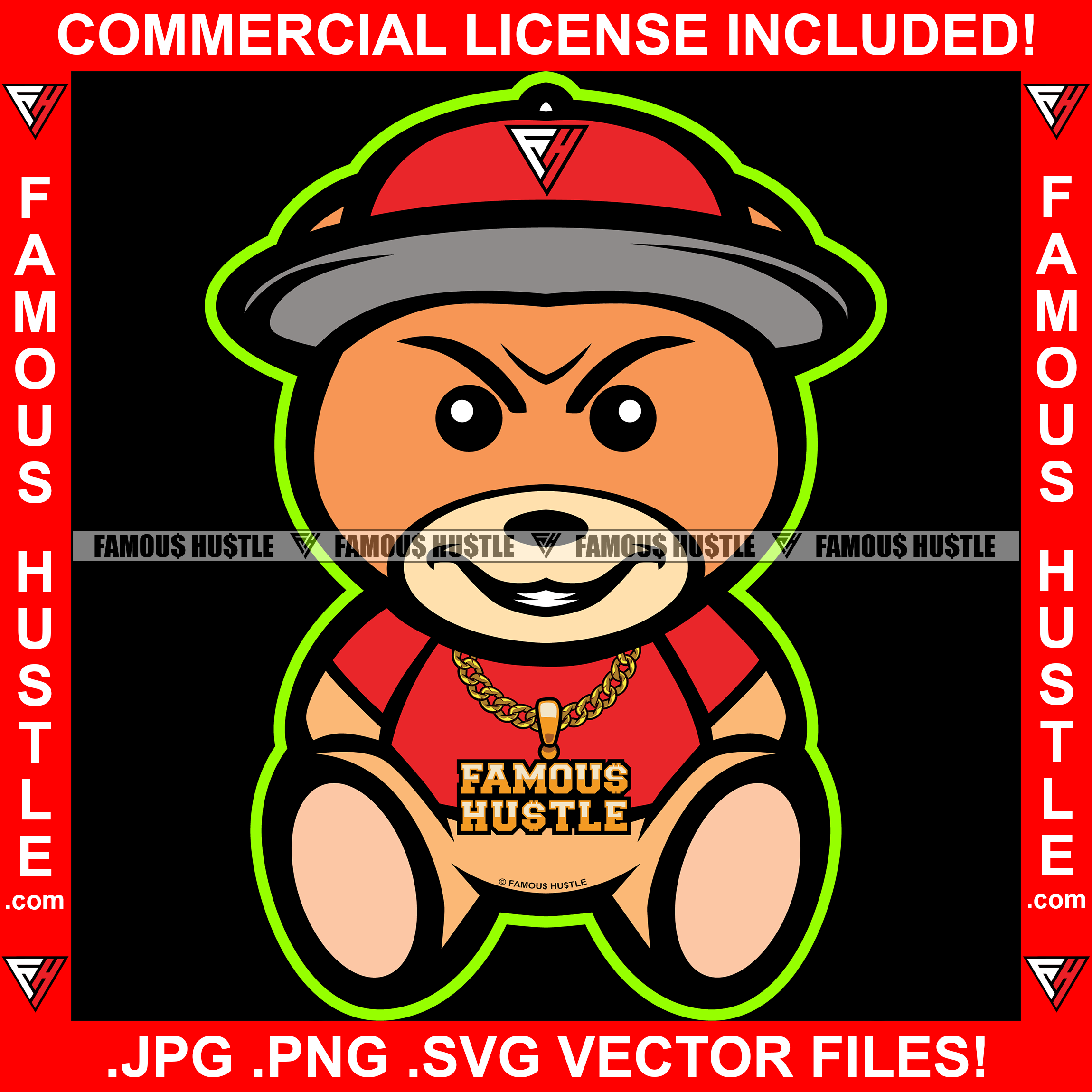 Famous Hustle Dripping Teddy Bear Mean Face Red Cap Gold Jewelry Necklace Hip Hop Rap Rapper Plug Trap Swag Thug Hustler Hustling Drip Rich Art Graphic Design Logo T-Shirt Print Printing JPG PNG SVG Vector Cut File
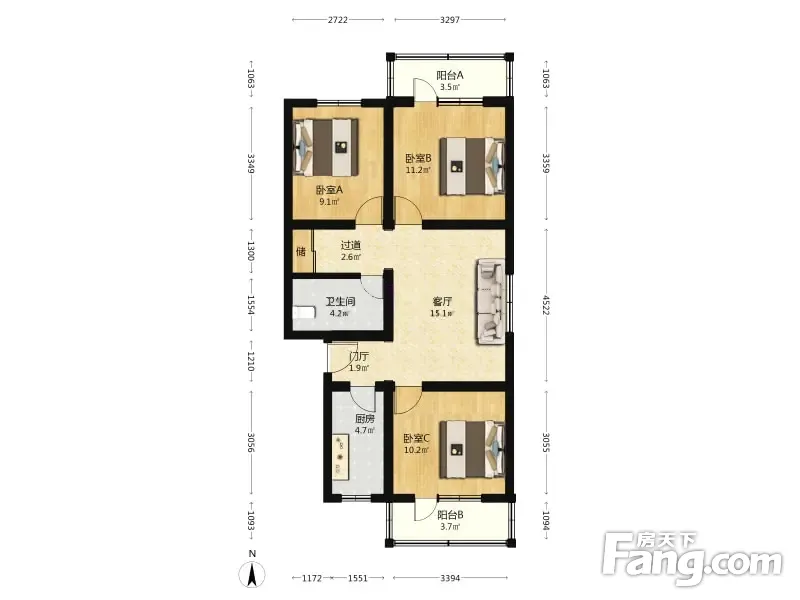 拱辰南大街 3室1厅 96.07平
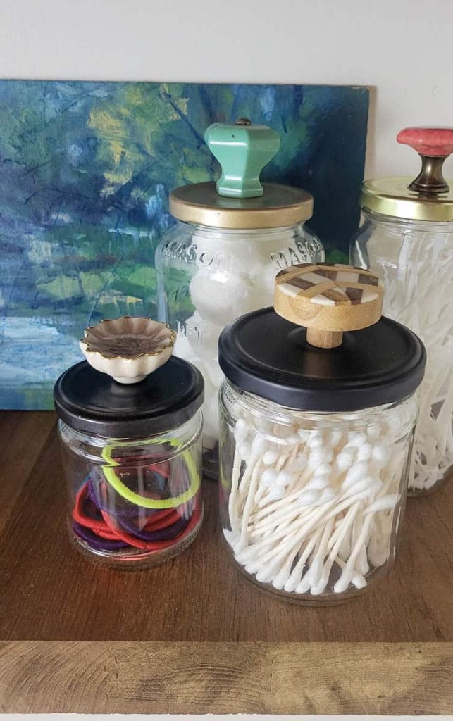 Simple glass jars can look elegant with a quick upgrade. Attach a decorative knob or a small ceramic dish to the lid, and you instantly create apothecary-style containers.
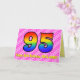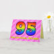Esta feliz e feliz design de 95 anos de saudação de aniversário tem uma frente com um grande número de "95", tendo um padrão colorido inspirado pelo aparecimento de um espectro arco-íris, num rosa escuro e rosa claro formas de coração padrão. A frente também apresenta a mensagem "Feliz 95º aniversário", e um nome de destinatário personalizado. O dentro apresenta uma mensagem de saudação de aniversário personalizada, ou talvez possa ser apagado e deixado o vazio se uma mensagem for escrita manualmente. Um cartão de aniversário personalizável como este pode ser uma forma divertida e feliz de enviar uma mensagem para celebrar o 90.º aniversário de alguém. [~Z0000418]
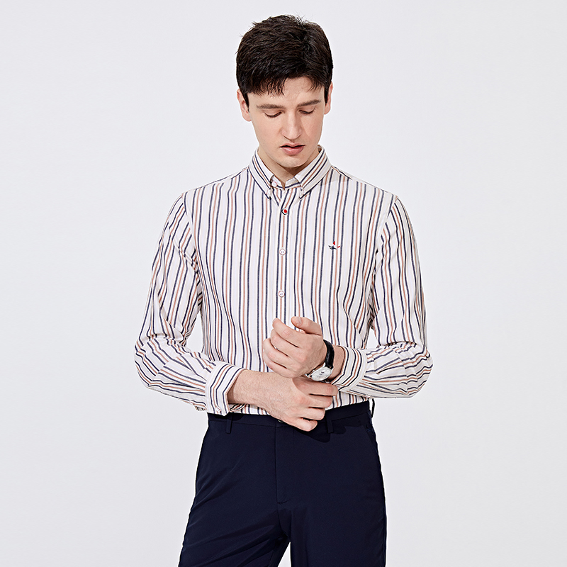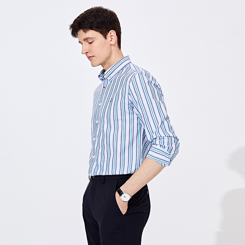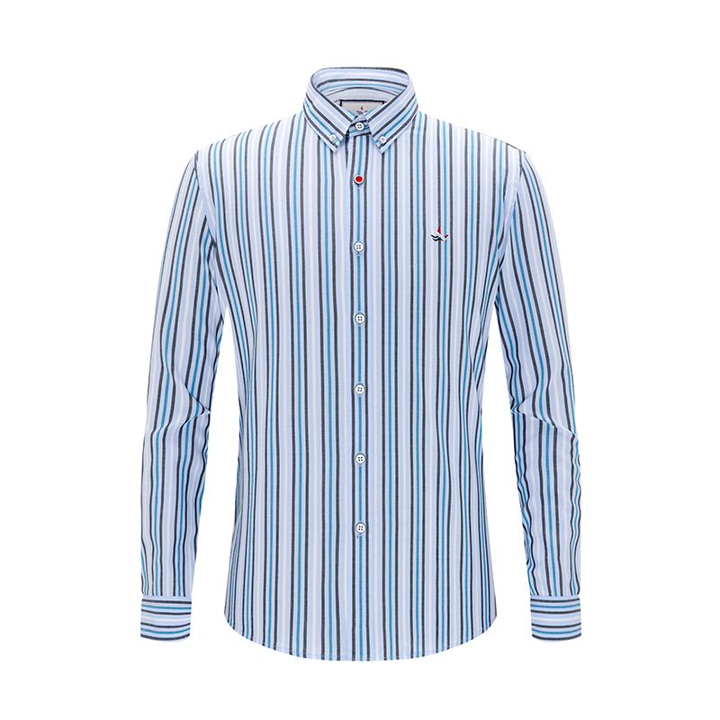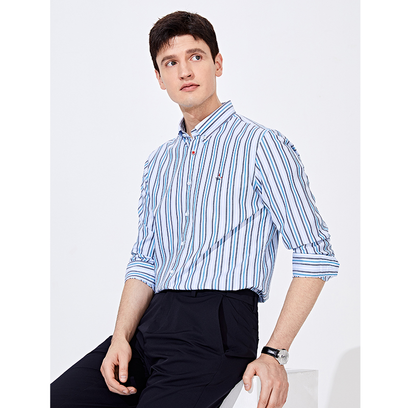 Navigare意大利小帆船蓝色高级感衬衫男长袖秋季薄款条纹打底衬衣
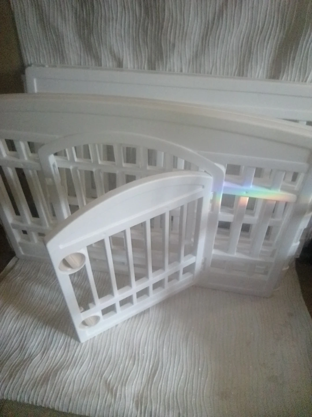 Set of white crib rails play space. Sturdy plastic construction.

**********

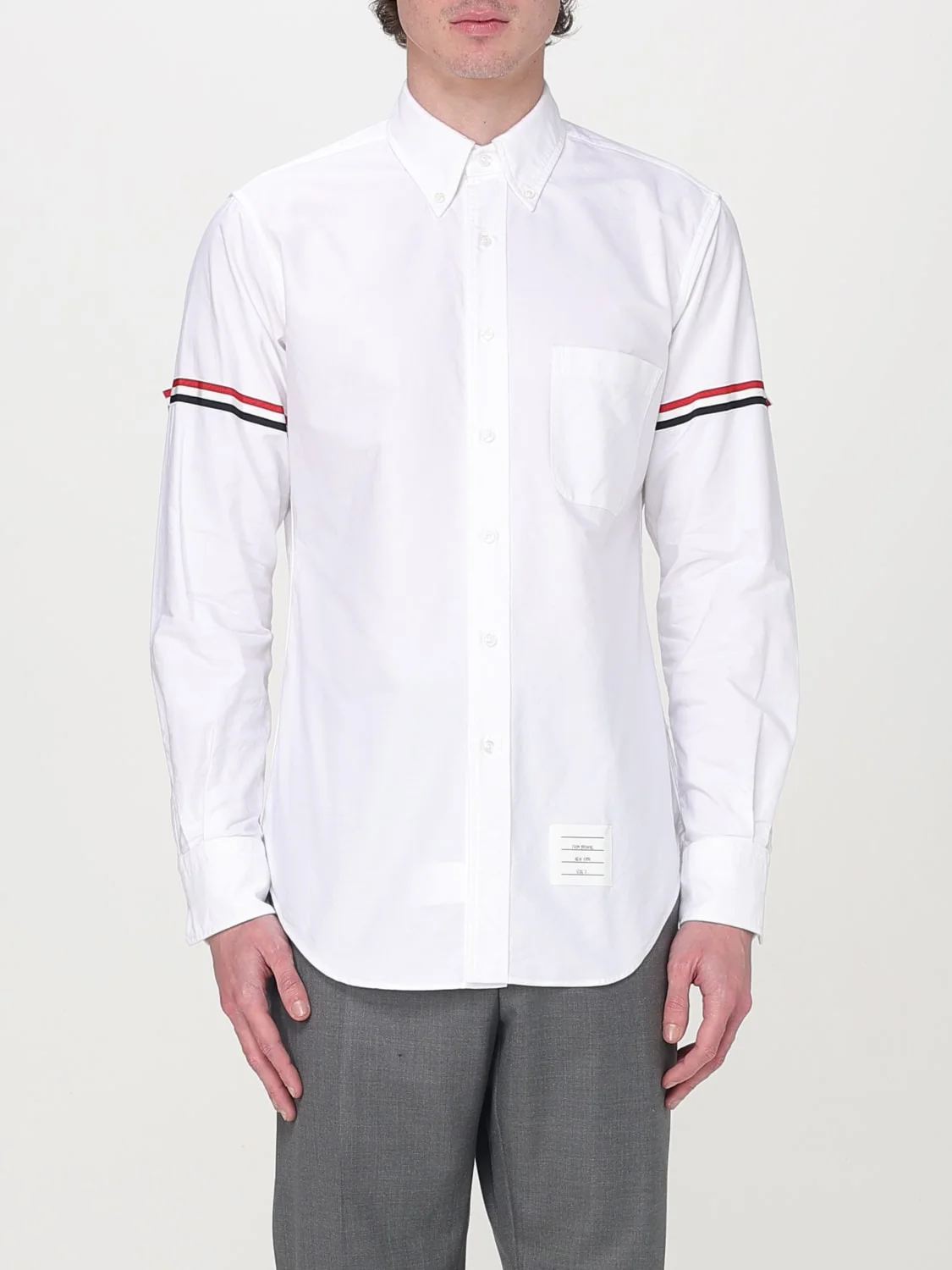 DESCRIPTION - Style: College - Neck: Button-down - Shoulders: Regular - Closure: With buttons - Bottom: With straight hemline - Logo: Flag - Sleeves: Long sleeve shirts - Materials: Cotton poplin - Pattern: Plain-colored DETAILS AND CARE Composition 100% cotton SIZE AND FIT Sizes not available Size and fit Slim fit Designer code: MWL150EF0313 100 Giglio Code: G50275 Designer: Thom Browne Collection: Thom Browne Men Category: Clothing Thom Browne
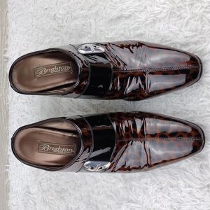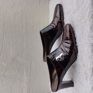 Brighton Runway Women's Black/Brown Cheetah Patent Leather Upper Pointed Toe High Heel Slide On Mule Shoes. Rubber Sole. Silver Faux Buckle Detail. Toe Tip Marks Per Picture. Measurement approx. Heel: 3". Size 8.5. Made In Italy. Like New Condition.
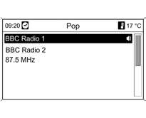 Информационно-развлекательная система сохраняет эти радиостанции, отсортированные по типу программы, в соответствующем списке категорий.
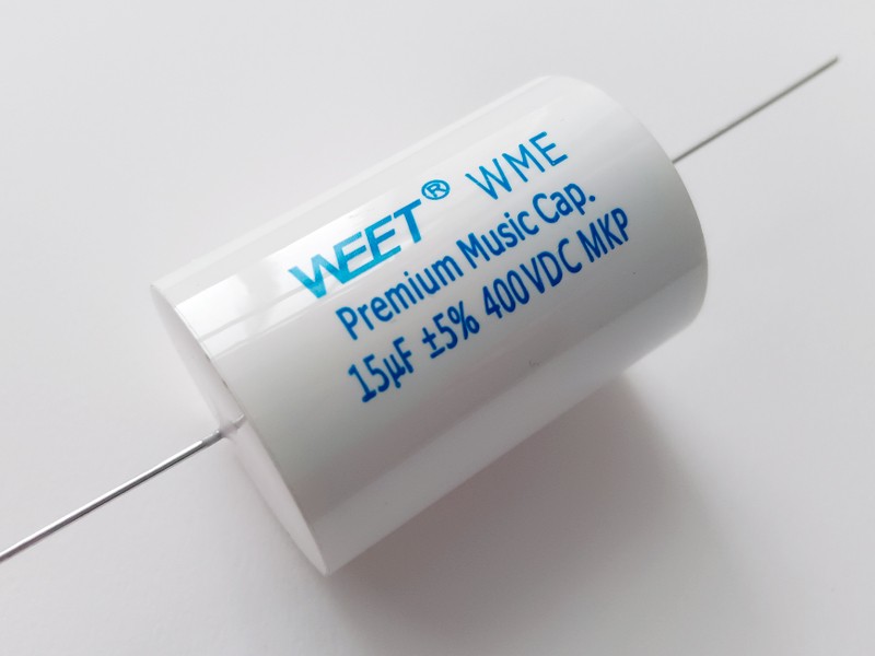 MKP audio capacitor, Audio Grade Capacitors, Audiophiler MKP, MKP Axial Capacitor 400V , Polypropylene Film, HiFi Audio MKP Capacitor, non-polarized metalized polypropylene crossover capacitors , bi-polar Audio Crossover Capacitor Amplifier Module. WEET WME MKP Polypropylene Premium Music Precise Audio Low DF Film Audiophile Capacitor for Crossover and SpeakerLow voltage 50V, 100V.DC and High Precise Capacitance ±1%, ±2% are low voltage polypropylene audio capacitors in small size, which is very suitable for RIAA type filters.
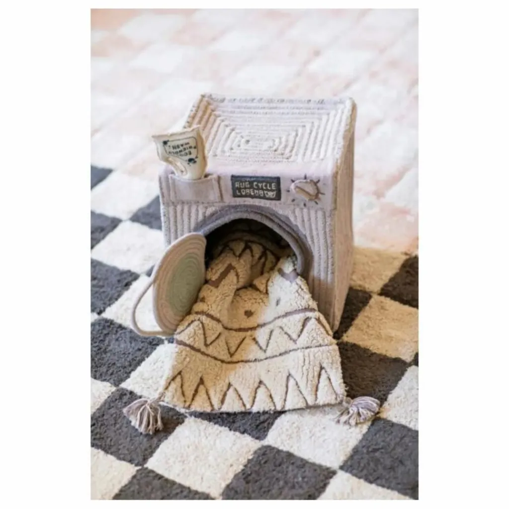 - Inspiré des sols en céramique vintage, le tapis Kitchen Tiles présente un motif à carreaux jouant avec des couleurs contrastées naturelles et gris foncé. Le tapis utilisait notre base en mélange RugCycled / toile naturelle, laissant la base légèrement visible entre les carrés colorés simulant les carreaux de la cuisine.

**********

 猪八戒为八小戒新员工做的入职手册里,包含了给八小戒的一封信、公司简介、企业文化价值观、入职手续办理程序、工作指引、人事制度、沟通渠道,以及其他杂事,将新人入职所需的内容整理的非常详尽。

**********

- _To do_
Starting at the line above that contains "MKP audio capacitor, Audio", transcribe every line exactly through the line that contains "- Inspiré des", including that last one, and skip the pictures.

- _Response to the exercise_
 MKP audio capacitor, Audio Grade Capacitors, Audiophiler MKP, MKP Axial Capacitor 400V , Polypropylene Film, HiFi Audio MKP Capacitor, non-polarized metalized polypropylene crossover capacitors , bi-polar Audio Crossover Capacitor Amplifier Module. WEET WME MKP Polypropylene Premium Music Precise Audio Low DF Film Audiophile Capacitor for Crossover and SpeakerLow voltage 50V, 100V.DC and High Precise Capacitance ±1%, ±2% are low voltage polypropylene audio capacitors in small size, which is very suitable for RIAA type filters.
 - Inspiré des sols en céramique vintage, le tapis Kitchen Tiles présente un motif à carreaux jouant avec des couleurs contrastées naturelles et gris foncé. Le tapis utilisait notre base en mélange RugCycled / toile naturelle, laissant la base légèrement visible entre les carrés colorés simulant les carreaux de la cuisine.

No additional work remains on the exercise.